Task goal:
Repeat the entries below word for word, though any picture in them should be dropped.

[Saved data entries]

====================

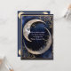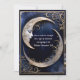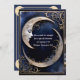 Un beau visage serein dans un croissant de lune, à l'intérieur d'un cadre doré sur un dégradé bleu foncé arrière - plan fait une exquise invitation de fête d'Halloween. L'arrière est une nuance complémentaire de bleu, avec un cadre blanc-or et des lunes de croissant aux coins, avec beaucoup d'espace pour le texte supplémentaire.
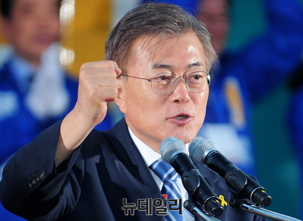문재인 더불어민주당 대선후보가 27일 오후 경기도 성남시 야탑역 앞 광장에서 유세를 하고 있다.
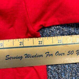 In excellent preowned shape. Not sure it has been worn. No rips or tears. Please look at the pics for measurements and compare them to your t shirts.
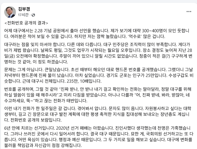 문자 메시지도 이어졌다. 김 전 총리는 “자원봉사를 하겠다는 대학생부터 대구 발전 방안을 길게 정리해 보내온 시민까지 다양했다”며 “대구 발전 계획에 대한 평생 축적한 지식을 집대성해 보내오는 장년층도 있었다. 전화번호 공개의 보람”이라고 털어놨다.
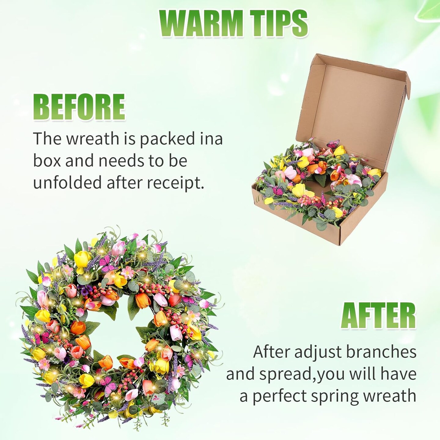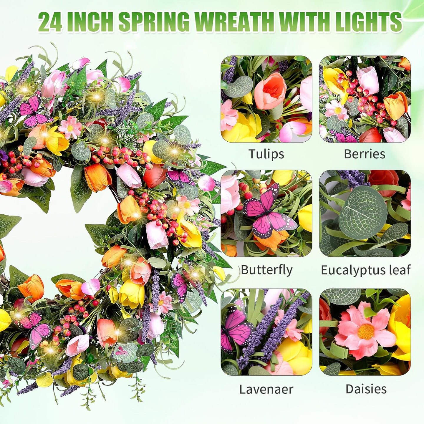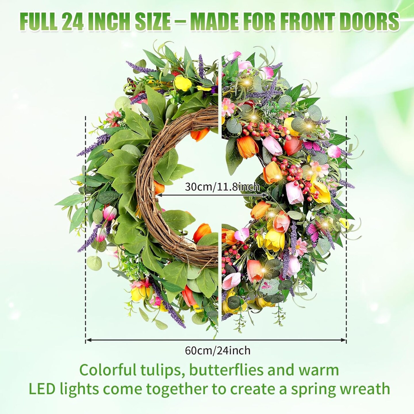 24-Inch Spring Tulip Wreath with LED Lights & Butterflies – Artificial Floral Front Door Wreath for Spring, Summer, Easter, Indoor & Covered Outdoor Décor
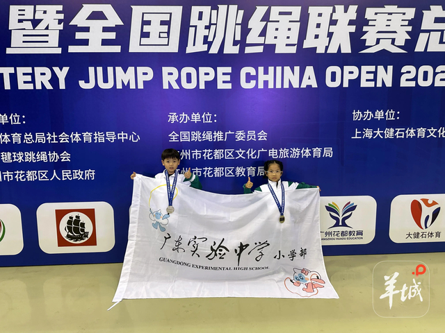 来自广东实验中学小学部二年级的学生梁嘉桐、黄栩笙在U9混合组30秒1带1项目中获得亚军。
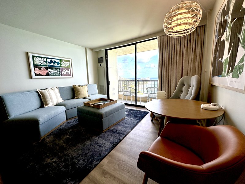 ドーンとワイキキビーチを望む広々としたリビングルーム! 部屋に入って、まずベッドルームの素敵さに「わぁ~♡」となり、その後、ここに足を踏み入れてさらに「わお〜!」となる、びっくり&うれしいが詰まった期待以上の部屋のつくりに、かなり興奮してしまいました。
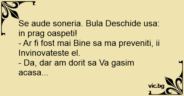 Se aude soneria. Bula Deschide usa: in prag oaspeti!
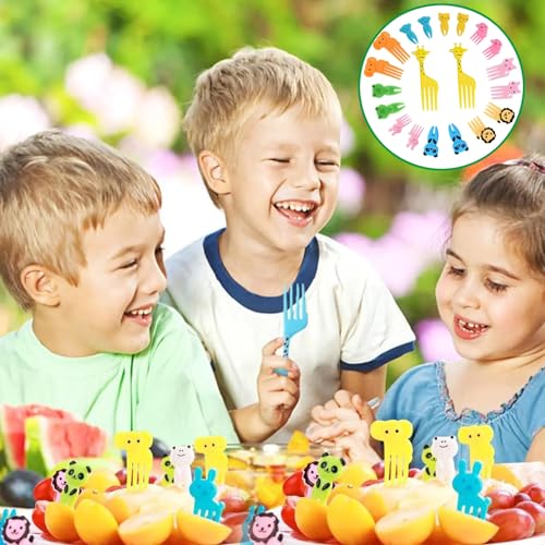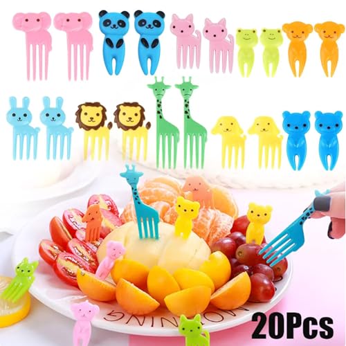 ZFLYXIAOHUA - Mini Fruit Forks Cartoon Shape, 20 Pieces Fruit Forks Children, Cute Animals Shape Toothpick Bento, for Dessert, Fruit, Pastries, Children's Party

====================

Answer space:
 Un beau visage serein dans un croissant de lune, à l'intérieur d'un cadre doré sur un dégradé bleu foncé arrière - plan fait une exquise invitation de fête d'Halloween. L'arrière est une nuance complémentaire de bleu, avec un cadre blanc-or et des lunes de croissant aux coins, avec beaucoup d'espace pour le texte supplémentaire.
문재인 더불어민주당 대선후보가 27일 오후 경기도 성남시 야탑역 앞 광장에서 유세를 하고 있다.
 In excellent preowned shape. Not sure it has been worn. No rips or tears. Please look at the pics for measurements and compare them to your t shirts.
 문자 메시지도 이어졌다. 김 전 총리는 “자원봉사를 하겠다는 대학생부터 대구 발전 방안을 길게 정리해 보내온 시민까지 다양했다”며 “대구 발전 계획에 대한 평생 축적한 지식을 집대성해 보내오는 장년층도 있었다. 전화번호 공개의 보람”이라고 털어놨다.
 24-Inch Spring Tulip Wreath with LED Lights & Butterflies – Artificial Floral Front Door Wreath for Spring, Summer, Easter, Indoor & Covered Outdoor Décor
 来自广东实验中学小学部二年级的学生梁嘉桐、黄栩笙在U9混合组30秒1带1项目中获得亚军。
 ドーンとワイキキビーチを望む広々としたリビングルーム! 部屋に入って、まずベッドルームの素敵さに「わぁ~♡」となり、その後、ここに足を踏み入れてさらに「わお〜!」となる、びっくり&うれしいが詰まった期待以上の部屋のつくりに、かなり興奮してしまいました。
 Se aude soneria. Bula Deschide usa: in prag oaspeti!
 ZFLYXIAOHUA - Mini Fruit Forks Cartoon Shape, 20 Pieces Fruit Forks Children, Cute Animals Shape Toothpick Bento, for Dessert, Fruit, Pastries, Children's Party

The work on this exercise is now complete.